Costa Rica completed this Wednesday the repatriation of at least 1305 pre-Columbian pieces, which were in the North American Museum in Brooklyn, located in the state of New York. This delivery corresponds to the second and last one that has been managed since 2011, when 981 pieces were delivered.
These 2,286 archaeological pieces are part of the 16,000 extracted at the beginning of the 20th century by the businessman in charge of the construction of the railway, Minor Keith. The operations to carry out the repatriation had a cost of 44 thousand dollars in the first delivery and 23 million colones in the second. The National Insurance Institute (INS), the National Museum and the Brooklyn Museum took care of the economic cost of packaging and transportation.
“The pieces were unpacked and inventoried, both quantity and state of conservation were recorded. The next step is to include them in databases and assign them an internal consecutive number and they will be made available for future exhibitions, both in the National Museum and in museums that require them for loans or research from specialists ”, explained the archaeologist Leidy Bonilla, from the Department for the Protection of Cultural Heritage.
The return of the pre-Columbian pieces was managed by the will of the Brooklyn Museum and not by judicial process. They justify that at the time when they took possession of the findings, there was no legislation on this matter. These objects represent a historical moment in the formation of collections and in the economic, social and political development of the country. The return of the pieces took place by sea in 31 cured wooden boxes.
Deeply grateful
“We are deeply grateful to the Brooklyn Museum for the opening to return these pieces to the country, and, of course, to the National Museum of Costa Rica, for spearheading this recovery process,” commented the Minister of Culture and Youth, Sylvie Durán .

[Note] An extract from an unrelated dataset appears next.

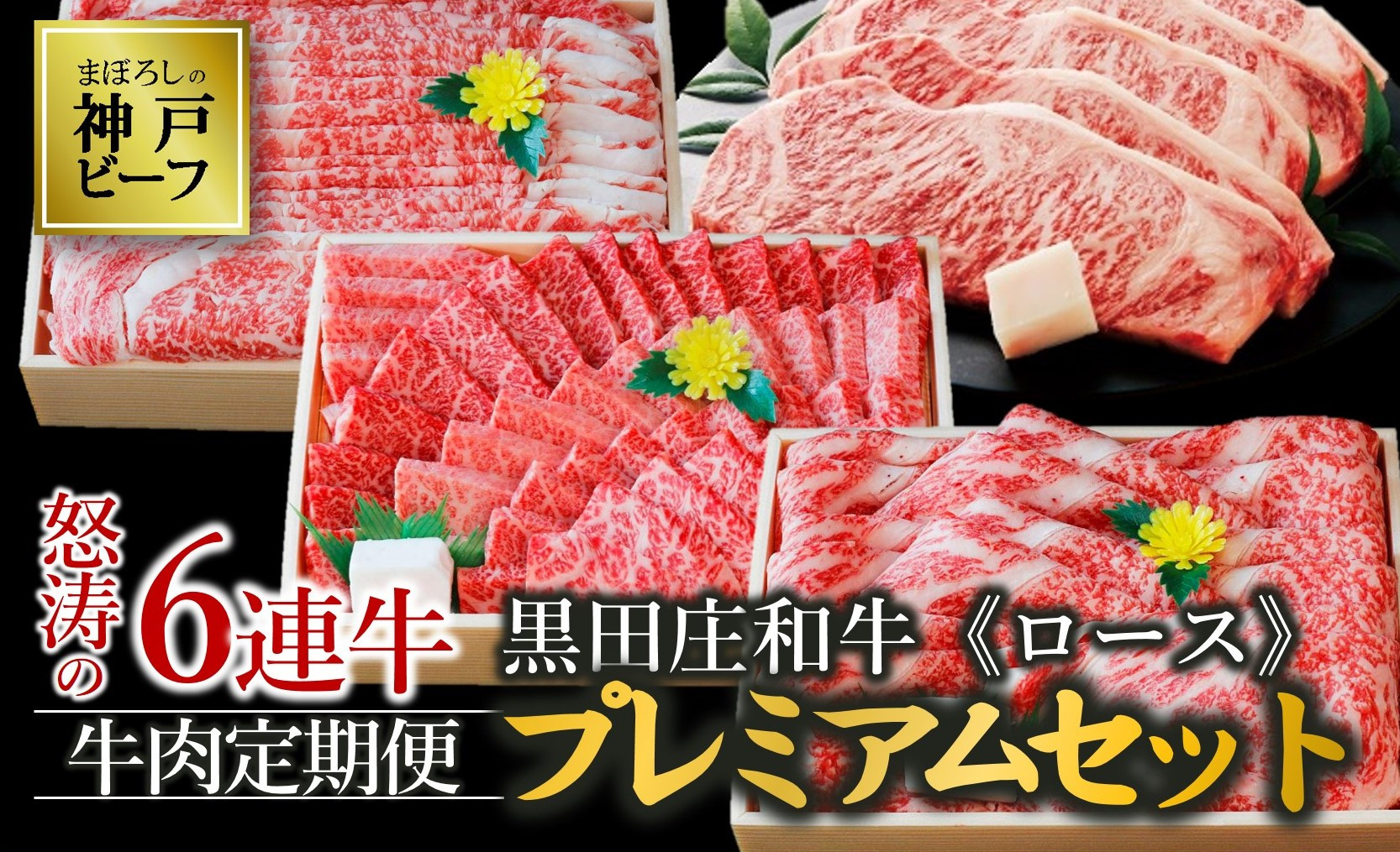 【冷蔵・年6回お届け定期便】 特選 黒田庄和牛ロースプレミアムセット(焼肉・すき焼き・しゃぶしゃぶ・ステーキから選べます!) (300-2)神戸牛 神戸ビーフ 定期便 黒田庄和牛 黒毛和牛 高級黒毛和牛 但馬牛 黒田庄 ごちそう 満足 プレミアム 高級 焼き肉 焼肉 すき焼き しゃぶしゃぶ BBQ ステーキ 贅沢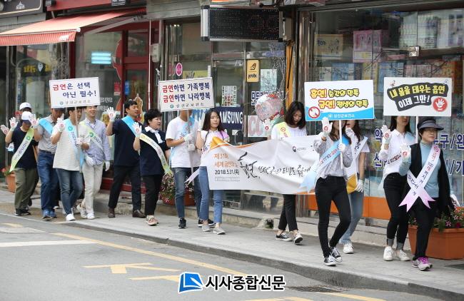 °¡µÎÄ·ÆäÀÎÀº ¼¼°è ±Ý¿¬ÀÇ ³¯À» ¸ÂÀÌÇÏ¿© ´ã¹è¿¡ ´ëÇÑ ÀÇÁ¸À¸·ÎºÎÅÍ Å»ÇÇÇÒ ¼ö ÀÖ´Â °è±â¸¦ ¸¶·ÃÇϰí Èí¿¬ÀÌ °Ç°¿¡ ¹ÌÄ¡´Â ÆóÇØ¸¦ Àڶ󳪴 û¼Ò³âµé¿¡°Ô °æ°¢½ÉÀ» ÁÖ°íÀÚ °Áøµ¿ÃʵîÇлý, ±³»ç, º¸°Ç¼Ò Á÷¿ø µî 100¿©¸íÀÌ Âü¼®ÇØ È«º¸È°µ¿À» ÆîÃÆ´Ù.

Antecedents of the appropriation of pre-Columbian pieces
A report given by the Department of Heritage Protection, detailed that the collection that the American businessman extracted, was around 16 thousand pieces, which were distributed in 1914, when a part was loaned to the American Museum of Natural History in New York , another was sold or donated to the Museum of the American Indian, Heye Foundation, and the Smithsonian Institution’s National Museum of Natural History, and after Keith’s death, his wife donated items to the Brooklyn Museum, while others were purchased in 1934.
In 2020, specifically in March, the National Museum learned of the Brooklyn Museum’s interest in returning to the country a part of the pre-Columbian objects that it guards, all from the Keith collection.
These actions were possible because the Keith family donated, loaned and sold the pieces before the promulgation of Law No. 7 of October 6, 1938, on control of the exploitation and trade of archaeological relics.
The archaeologist Bonilla said that both ceramic and stone pieces were found, which from the bibliographic references that have been collected, it is known that they come from very important archaeological sites in Costa Rica.
Bonilla continued by commenting that these pieces will help fill certain gaps, especially in the ceramic typology, as well as in lithic instruments and figures. The Brooklyn Museum keeps another part of Costa Rican pre-Columbian pieces in custody.